%%

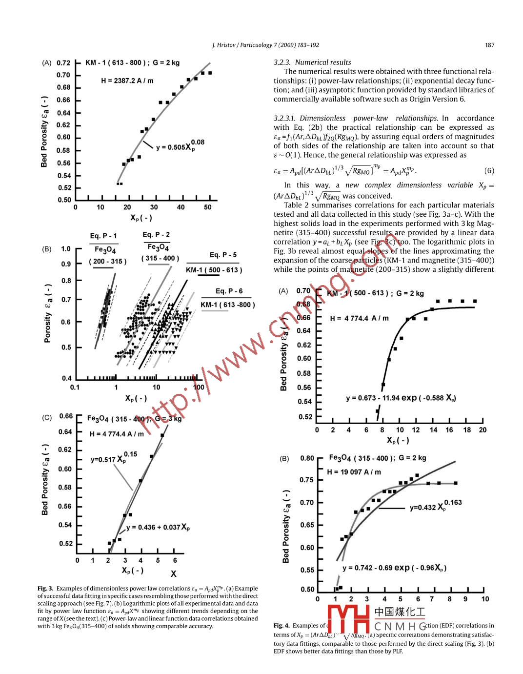 Particuology 7 (2009) 183-192Contents lists available at ScienceDirectPARTICLJOLOGY |ParticuologyEL SEVIERjournal homepage: www. elsevier. com/locate/particMagnetically assisted gas-solid fluidization in a tapered vessel: Part IIDimensionless bed expansion scalingJordan HristovDepartment of Chemical Engineering. University of Chemnical Technology and Metallurgy, 1756 Sofa, 8 KL Ohridsky BIvd, BulgariaA RTICLE . INFOABSTRACTArticle history:The article presents an effort to create dimensionless scaling correlations of the overall bed porosity inReceived 7 October 2008the case of magnetically assisted fluidization in a tapered vessel with external transverse magnetic field.Accepted 6 January 2009This is a stand of portion of new branch in the magnetically assisted fluidization recently created con-cerning employment of tapered vessels. Dimensional analysis based on "pressure transform" of the initialset of variables and involving the magnetic granular Bond number has been applied to develop scaling. Funidizationrelationships of dimensionless groups representing ratios of pressures created by the fluid flow, gravityMagnetization FIRSTand the magnetic field over an elementary volume of the fluidized bed. Special attention has been paid onTapered bedthe existing data correlations developed for non-magnetic beds and the links to the new ones especiallyDimensional analysisPressure transform of variablesdeveloped for tapered magnetic counterparts. A special dimensionless variable Xp = (ArADbl)/3 V RgmQMagnetic granular Bond numbercombining Archimedes and Rosensweig numbers has been conceived for porosity correlation. Data cor-Rosensweig numberrelations have been performed by powe-law, exponential decay and asymptotic functions with analysisPorosity correlationsof their adequacies and accuracies of approximation.◎2009 Chinese Society of Particuology and Institute of Process Engineering, Chinese Academy ofSciences. Published by EIsevier B.V. All rights reserved.1. Introductionof Geldart's class B has been reviewed by Hristov (2002, 2003a,2003b, 2004, 2006a, 2007a). Recently, promising results concern-Tapered gas-solid fluidization (Mathur & Epstein, 1974) origi-ing magnetically assisted nano-fuidization have been reported bynally conceived for gas-fluidization of Geldart's D particles (Geldart,Hao, Zhu, Lei, and Li (2008a), Hao, Zhu, Jjiang, and Li (2008b) with1973) have encountered in many areas of chemical, mining anddirect mass transfer applications pertinent to CH4-CO2 reforming.food industries. Recently fluidization of cohesive particles (DeivaThe present article addresses scaling correlations of overallVenkatesh, Chaouki, & Klvana, 1996; Erbil, 1998) and drying of pas-porosity of magnetically assisted gas fluidized tapered beds withtas (Bacelos & Freire, 2008; Bacelos, Passos, & Freire, 2007) haveMagnetization FIRST mode. The first report in this new trendbeen developed in two- and three-dimensional tapered vessels. Inin magnetically assisted fluidization was presented by Hristovthis context, remotely controlled tapered fuidized gas- solids beds(2008). Dimensionless groups provided by the“pressure trans-have been conceived (Hristov, 2008, 2009) by means of magnetiz-form" approach (Hristov, 2006a, 2007b) are used to develop furtherable solids and external transverse magnetic field.results on porosity scaling relationship. A special standpoint isThe magnetically assisted fluidization deals with magneticdeveloped to link the existing empirical and semi-empirical corre-solids fluidized by liquid(Hristov, 2006a), gas (Hristov, 2002, 2003a,lations pertinent to non-magnetic tapered beds (DiFelice, Foscolo,2005, 2006b, 2007c) or gas-liquid flow (Hristov, 2007a) withGibilaro, Wallis, & Carta, 1991; Gui & Grace, 2008; Kmiec, 1975, 1977,two basic magnetization modes: Magnetization FIRST (preliminary1980) to the new situation arising in magnetically assisted taperedmagnetization of fixed bed and consequent fluidization) and Mag-beds (MATB) with controlled interparticle forces.netization LAST (magnetization of preliminarily fluidized beds).The hydrodynamic behaviour of such beds with coarse particles2. ExperimentalThe experimental set-up was described in details by Hristov(2008) so only some basic information pertinent to the results is tobe provided in this work. A conical vessel(15° opening angle, 30 mmfunction.ID-bottom diam中國煤化1eter) surrounded byE-mail address: jordan.hristov@mail.bg.saddle coils (Hnm ID and 400 mmURL: http://www.hristov.com/jordan.in height was uYHC N M H Gnted transversely to1674- 2001/$ - see front matter 0 2009 Chinese Society of Particuology and Institute of Process Engineering, Chinese Academy of Sciences. Published by EIsevier B.V. All rights reserved.doi:10.1016/j.partic.2009.01.012184J Hristov / Particuology 7 (2009) 183- 192NomenclatureRep = pdbU/nj particle Reynolds numberAeddimensionless pre- factor in EDF expressed throughRg= (ρ2U2jμM2) Rosensweig number (basic definition),- -see Eq. (7)Rgm=(pjU21uoMsH) Rosensweig number expressed in termsdimensionless exponential pre-factor in EDIof Msexpressed through Xp- see Eq, (7)Rgme = ((16/r2D2)(pjQ2/uoMsH)) Rosensweig numberAaddimensionless asymiptote in the asymptotic func-expressed in terms of the volumetric flow rate Qtion expressed through Xp- see Eq. (8)Sb = πD7/4 cross-section area of the gas inlet orifice (m2 )ILfree term in the linear approximation y=al + brXpUsuperficial gas velocity (denoted also as Ug see theAr = (dPr(Ps - Pr)g)/nf Archimedes numbertext) (m/s)badimensionless pre-factor of the asymptotic functionJbsuperficial fluid velocity defined through the coneexpressed through- -see Eq. (8)Xpentance cross-see 1pre-factor in linear approximationy=an +bLXpMp/Ps volume occupied by the solids (m3)Bog-c= Pc/Pg = Pc/(Psgdp) Bond number of granular mate-(thbo/12)(D吃+ DrD, + Dg)(m3)rials with a natural cohesionindependent variable (see the text)Bog-m =(LoMH)/Psgdp magnetic Bond number for granularXp = (Ar
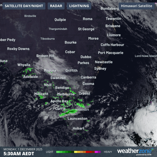 Image: Combined satellite and radar loop across Tasmania and SE Australia on the morning of Monday, December 1, 2025.
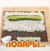 Лист нори положить на циновку-макису блестящей стороной вниз. Отступив от верхнего края 1,5-2 см, тонким ровным слоем выложить тёплый рис. Он должен покрывать не более 2/3 листа.
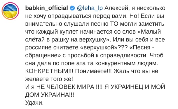 На що Бабкін дав змістовну відповідь: "Олексію, я анітрохи не хочу виправдовуватися перед вами. Але! Якщо ви уважно слухали пісню, то могли помітити, що кожен куплет починається зі слів: "Малий, злітай у рішку на верхівку". Чи всі росіяни себе вважають "верхівкою"? Пісня – звернення з проханням до справедливості, щоб вона дала по п*пі конкретним людям. Конкретним, розумієте? Жаль, що ви не бажаєте того ж. І я не людина світу. Я – українець, мій дім – Україна!".
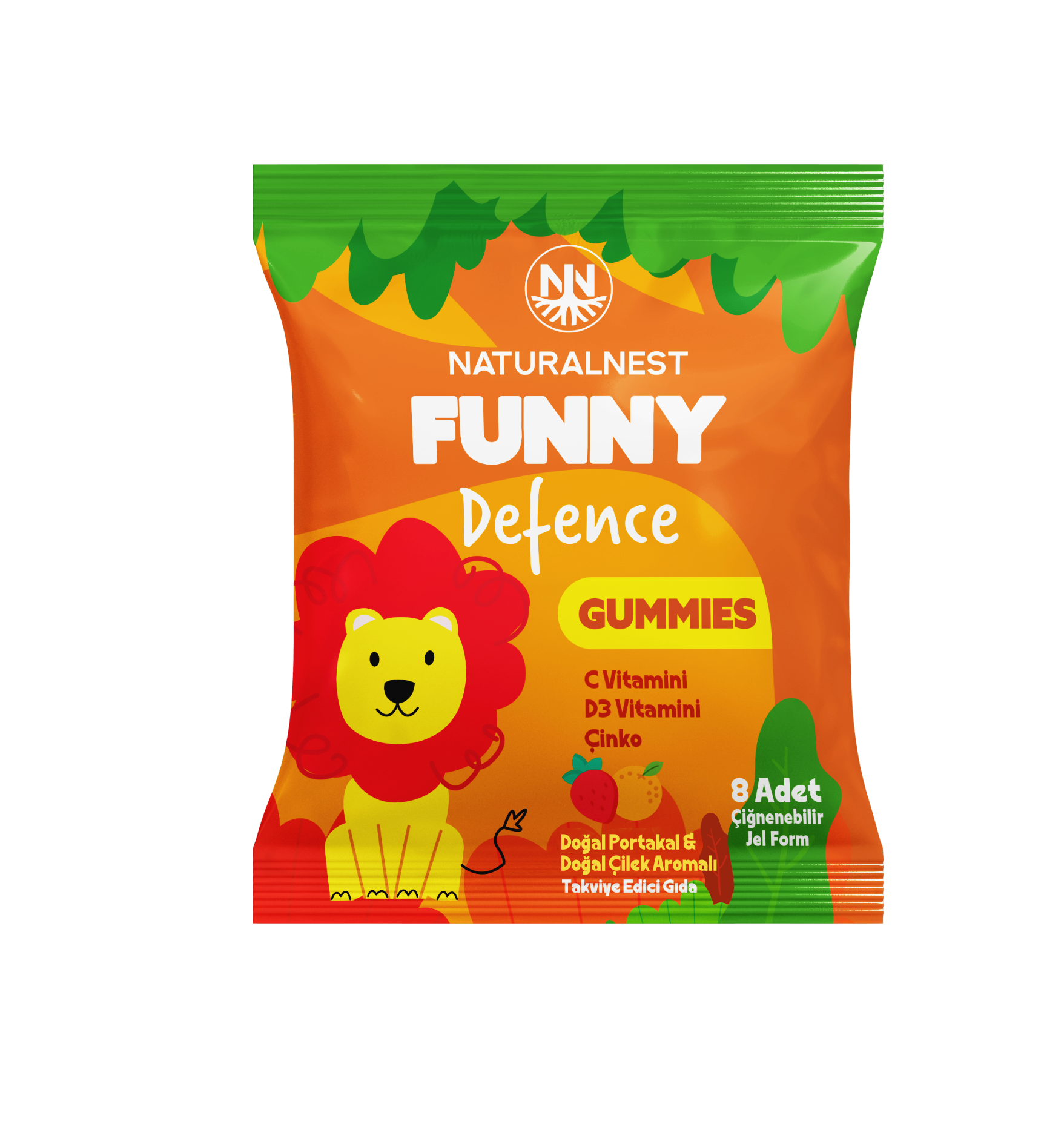 NaturalNest Funny Defence Gummies; C vitamini, çinko ve D3 vitamini içeren çiğnenebilir jel formda bir gıda takviyesidir. Portakal ve çilek aroması ile lezzetli bir deneyim sunar.
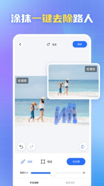 1. 可随时查看水印处理前后的效果,支持即时对比查看。
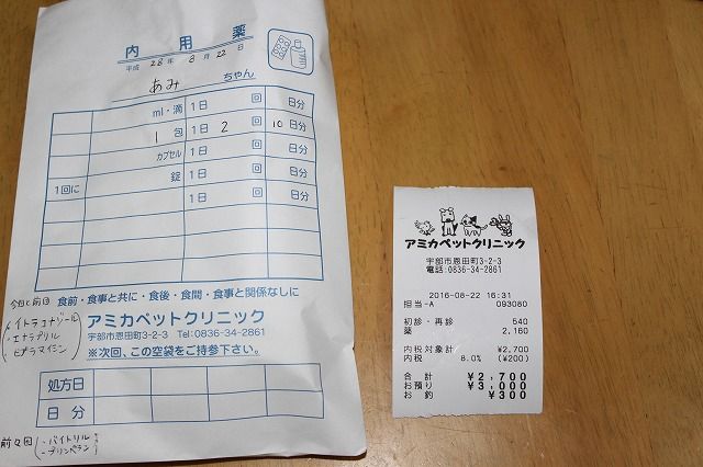一応、何があるか分からんし、薬だけ今日もらってきてもらい、2160円の出費。
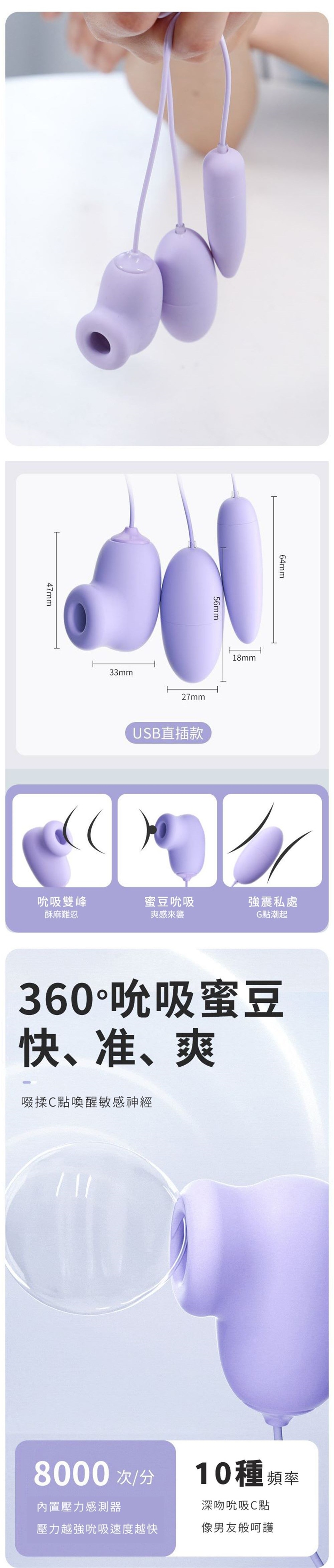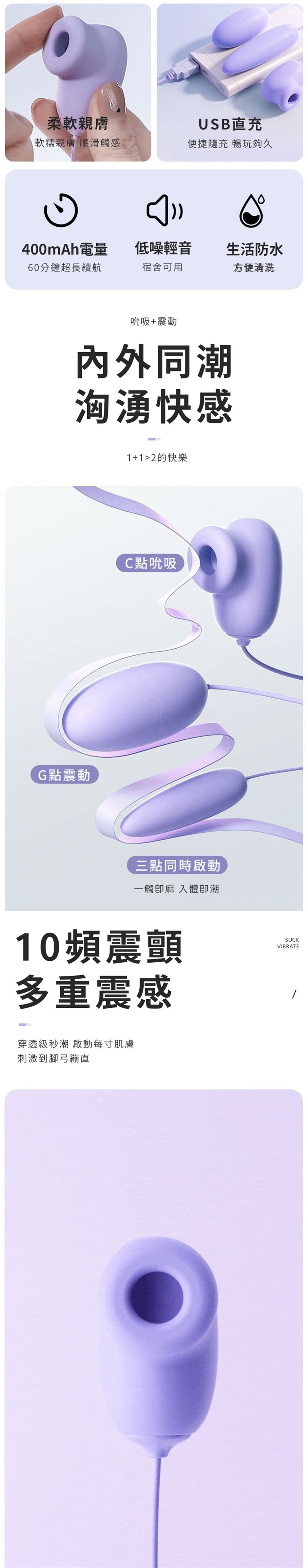 規格:電壓3.7V / 10頻震動 / 10頻吸吮
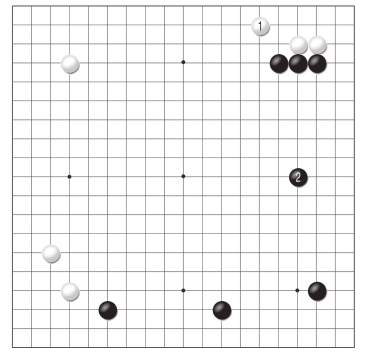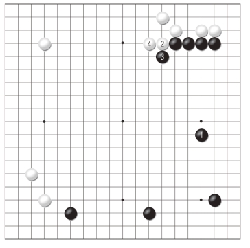 白1飞出是最容易想到的下法,黑2连片,双方简明应对,黑棋达到了目的,可以满意。
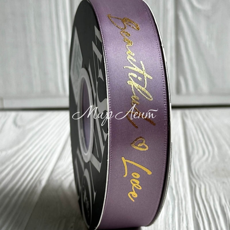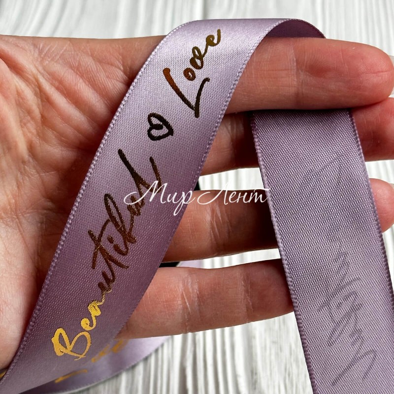 Лента атласная "Beautiful love", 2,5 см, лавандовая, рулон 30 м
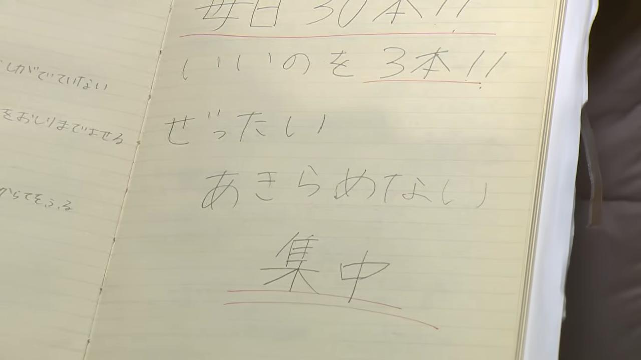 そして、練習ノートには「絶対にあきらめない」という言葉が力強く書き込まれていた。

%%

# [Your goal]
Exact copy, pictures excluded: from the line with "Image: Combined satellite" up to and including the line with "Лист нори положить" in the data above.

# [Exercise result]
 Image: Combined satellite and radar loop across Tasmania and SE Australia on the morning of Monday, December 1, 2025.
 Лист нори положить на циновку-макису блестящей стороной вниз. Отступив от верхнего края 1,5-2 см, тонким ровным слоем выложить тёплый рис. Он должен покрывать не более 2/3 листа.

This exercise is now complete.